People with C5 will need to rely on caregivers for transfers from bed to chair and so forth, and for assistance with bladder and bowel management, as well as with bathing and dressing the lower body. Adaptive technology can help these people be independent in many areas, including driving. People with C5 tetraplegia can drive a vehicle equipped with hand controls.
People with C6 tetraplegia have the use both of the elbow and the wrist and with assistive support can grasp objects. Some people with C6 learn to transfer independently with the help of a slide board. Some can also handle bladder and bowel management with assistive devices, although this can be difficult.
People with C6 can learn to feed, groom, and bath themselves with the help of assistance devices. They can operate a manual wheelchair with grip attachments and they can drive specially adapted vehicles. Most people with C6 will need some assistance from a caregiver at times.
People with C7 tetraplegia can extend the elbow, which allows them greater freedom of movement. People with C7 can live independently. They can learn to feed and bath themselves and to dress the upper body. They can move in bed by themselves and transfer by themselves.

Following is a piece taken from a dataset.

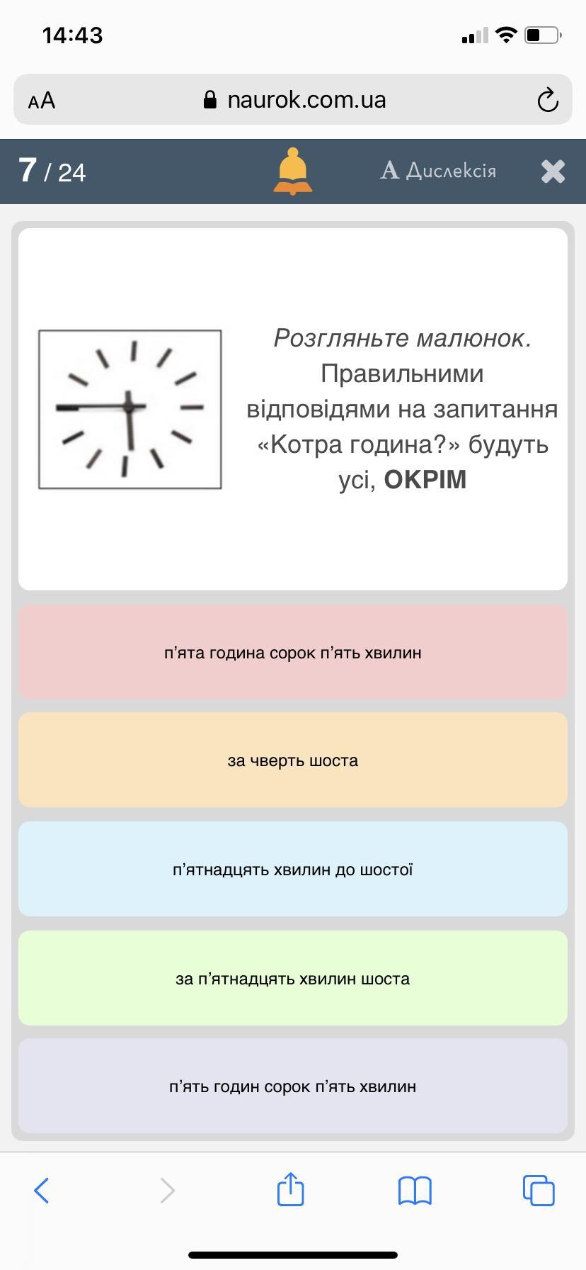 5 варіант(п'ять годин сорок п'ять хвилин)

They can operate a manual wheelchair, but will need help negotiating curbs. They can drive specially-equipped vehicles. They can write, type, answer phones, and use computers; some may need assistive devices to do so, while others will not.

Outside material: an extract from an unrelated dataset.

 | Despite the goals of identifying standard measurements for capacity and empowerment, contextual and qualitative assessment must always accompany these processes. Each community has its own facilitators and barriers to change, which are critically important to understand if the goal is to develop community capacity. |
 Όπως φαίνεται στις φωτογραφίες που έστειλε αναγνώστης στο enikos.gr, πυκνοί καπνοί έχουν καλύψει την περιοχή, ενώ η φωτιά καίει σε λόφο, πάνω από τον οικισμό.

People with C8 tetraplegia can flex their fingers, allowing them a better grip on objects. They can learn to feed, groom, dress, and bath themselves without help. They can manage bladder and bowel care and transfer by themselves. They can use a manual wheelchair and type, write, answer the phone and use the computer. They can drive vehicles adapted with hand controls.
People with T1-T12 paraplegia have nerve sensation and function of all their upper extremities. They can become functionally independent, feeding and grooming themselves and cooking and doing light housework. They can transfer independently and manage bladder and bowel function. They can handle a wheelchair quite well and can learn to negotiate over uneven surfaces and handle curbs. They can drive specially adaptive vehicles.

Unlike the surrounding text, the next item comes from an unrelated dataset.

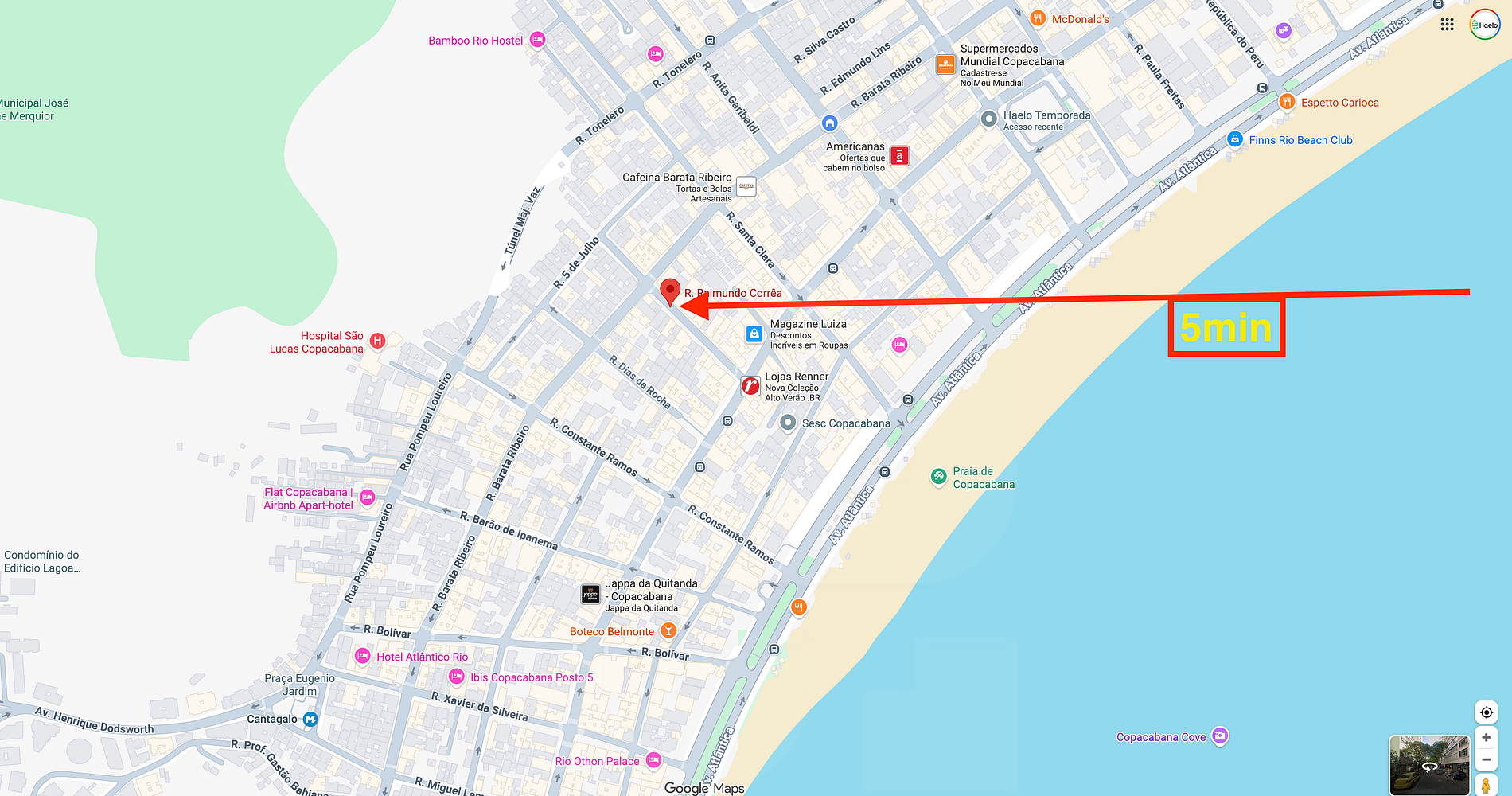 O apartamento fica perto do metrô Siqueira Campos e de várias linhas de ônibus. Não há estacionamento no prédio, mas há garagens e vagas pagas próximas. O Aeroporto Santos Dumont fica a cerca de 20–25 minutos, o Galeão a 35–45 minutos e a rodoviária Novo Rio a aproximadamente 25–30 minutos.

People with a T2-T9 injury may have enough torso control to be able to stand with the help of braces and a walker or crutches. People with a T10-T12 injury have better torso control than those with a T2-T9 injury, and they may be able to walk short distances with the aid of a walker or crutches.
Some can even go up and down stairs; however, walking with such an injury requires a great deal of effort and can quickly exhaust the patient. Many people with thoracic paraplegia prefer to use a wheelchair so that they will not tire so quickly.
People with sacral or lumbar paraplegia can be functionally independent in all of their self-care and mobility needs. They can learn to skillfully handle a manual wheelchair and can drive specially equipped vehicles. People with a lumbar injury can usually learn to walk for distances of 150 feet or longer, using assistive devices. Some can walk this distance without assistance devices. Most rely on a manual wheelchair when longer distances must be covered.
Other Functional Assessment Scales
There are many other functional scales besides the ASIA scale, but it is the most frequently used. Neurologists find the NLOI (the Neurological level of injury) scale helpful; it is a simply administered test of motor function and range of motion. The Function Independence Measure (FIM) evaluates function in mobility, locomotion, self-care, continence, communication, and social cognition on a 7-point scale.
The Quadriplegic Index of Function (QIF) detects small, clinically significant changes in people with tetraplegia. Other scales include the Modified Barthel Index, the Spinal Cord Independence Measure (SCIM), the Capabilities of Upper Extremity Instrument (CUE), the Walking Index for SCI (WISCI), and the Canadian Occupational Performance Measure (COPM).